September 19, 2004

VISIONS OF 240:

Democrats Reassess Prospects to Win House : As Kerry's Momentum Lags, Hopes of Regaining Majority of Seats Dim, Analysts Say (Charles Babington, September 19, 2004, Washington Post)

Many GOP leaders say that their House majority is safe, and that it might even expand on Nov. 2. They point to statistics suggesting that the Democratic goal is extremely difficult. Republicans control 229 House seats, while Democrats have 206 (including a friendly independent). With Democrats failing to contest a reconfigured Texas district they now hold, they will have to pick up 13 seats in November to gain a bare majority. (Two Democratic gains in special elections this year -- in Kentucky and South Dakota -- were offset when lawmakers elected as Democrats in Texas and Louisiana switched to the GOP.)

Analysts say there are fewer than 35 competitive House races this fall, with each party defending 15 to 17 at-risk seats. For Democrats to regain the majority they lost a decade ago, "they would have to win everything in the open seats and hold all their own," said Rep. Thomas M. Reynolds (R-N.Y.), chairman of the GOP's House campaign committee. They do not need a breeze, he said, "they need a monsoon."

The Democrats' task is more daunting than Reynolds suggested. They could win all eight of the competitive open seats (Republicans now hold five of those), and reelect each of their endangered incumbents, and still fall well short of the majority. To control the House, Democrats must do all of that, plus topple several GOP incumbents.

Political insiders and local reporters do not see that happening -- for now, at least -- in part because there is no national mood remotely resembling the anti-Democratic fervor of the 1994 elections or the deeply anti-Republican sentiments that sprang from the Watergate scandal in 1974.
A prime target is first-term Rep. Rick Renzi (R-Ariz.), who won a three-way race in 2002 with less than 50 percent of the vote. Democrats crowed this year when they recruited Paul Babbitt, brother of former interior secretary Bruce Babbitt.
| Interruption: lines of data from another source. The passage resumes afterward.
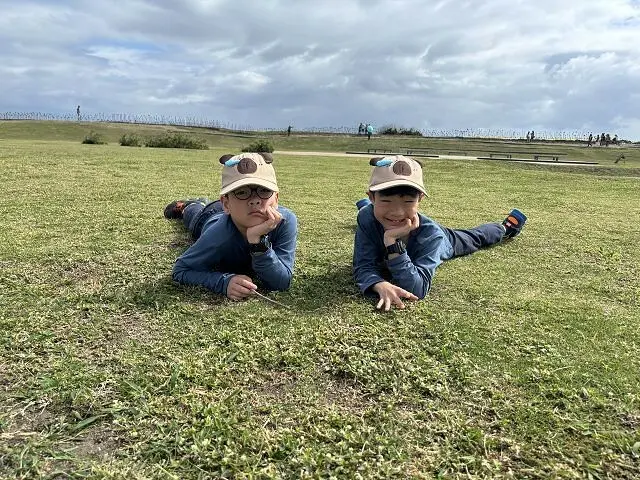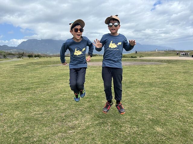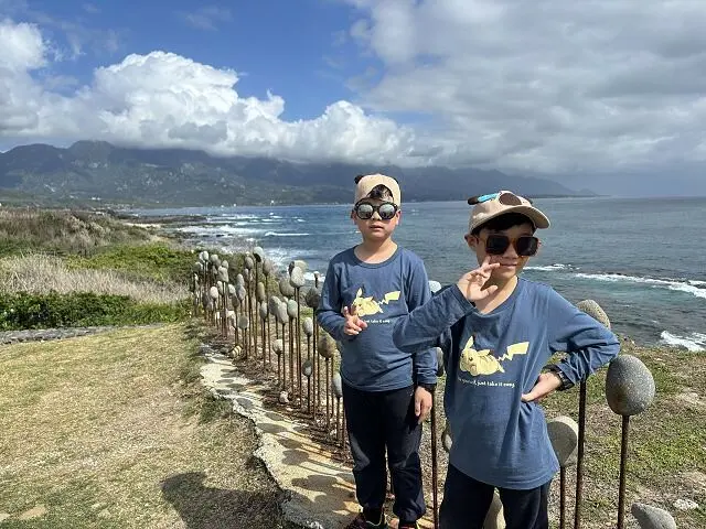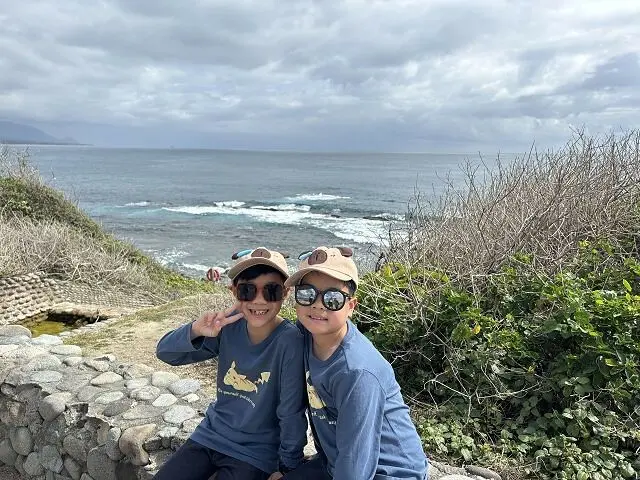 初春的季節時分,台東已經暖如夏了,還好佐佑兩兄弟有準備太陽眼鏡,才可以輕鬆拍照。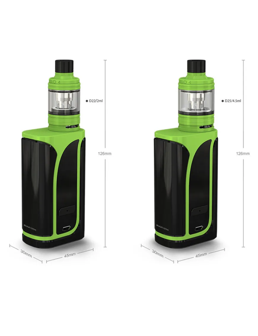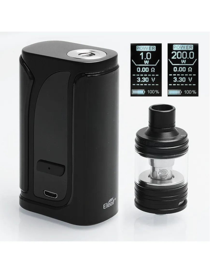 Цей набір складається з 200-ватного боксу мода чорного кольору та кліромайзера MELO 4 ємністю 4.5 мл з верхньою заправкою. Можливе встановлення будь-якого іншого випарника діаметром до 25мм. Живлення забезпечується вбудованим акумулятором ємністю 4600 мА-год, є підтримка Passthrough, що забезпечує можливість ширяння одночасно із зарядкою акумулятора. Обдув регулюється поворотним кільцем. Підтримуються всі сучасні режими – байпас, варіват та термоконтроль з налаштуванням температурного коефіцієнта TCR. Невеликий екран забезпечує відображення різної інформації – рівня заряду, потужності тощо.
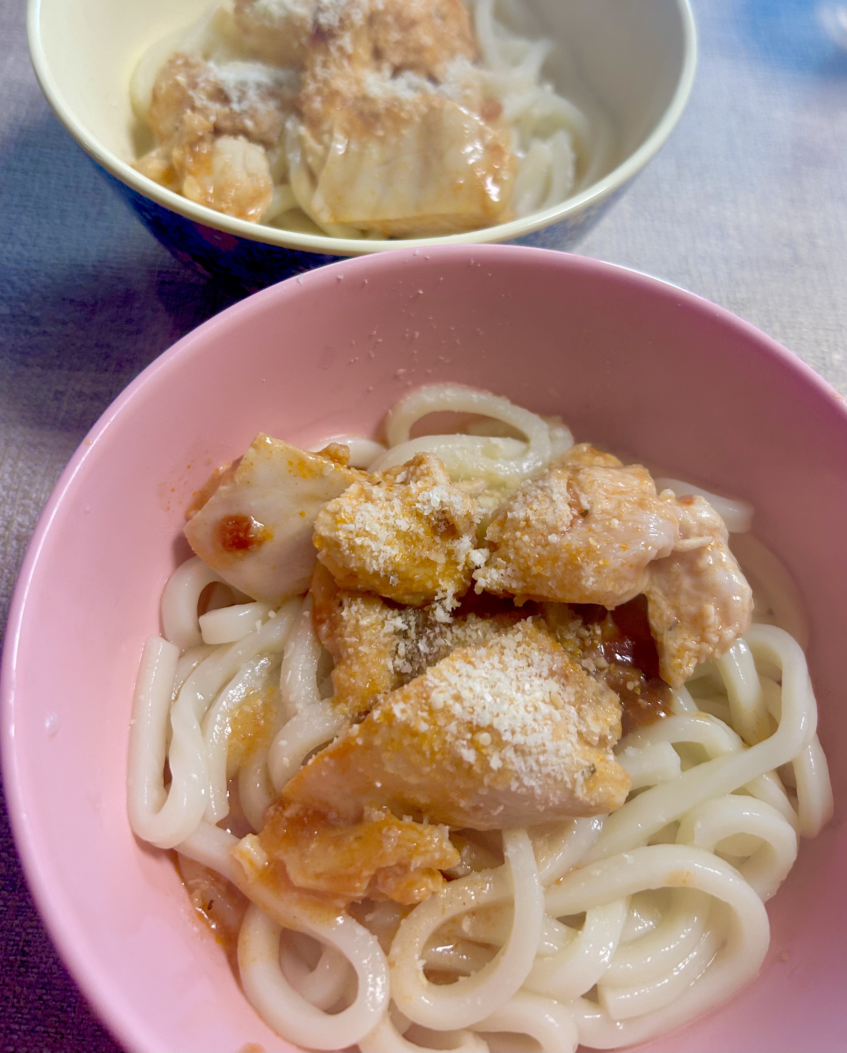 そのまま食べてももちろん美味しいけれど、うどんにかけると絶品トマトうどんに。

But a new poll by the Social Research Laboratory of Northern Arizona University shows Renzi still leading Babbitt by 11 percentage points, virtually identical to an April poll's findings.


And there's no way an incumbent Republican can lose while the President is winning his state by double digits.

Posted by Orrin Judd at September 19, 2004 4:28 PM
Comments

The juiciest thing about this is just imagining how teeth-gritted furious the WaPo was to have to write that headline.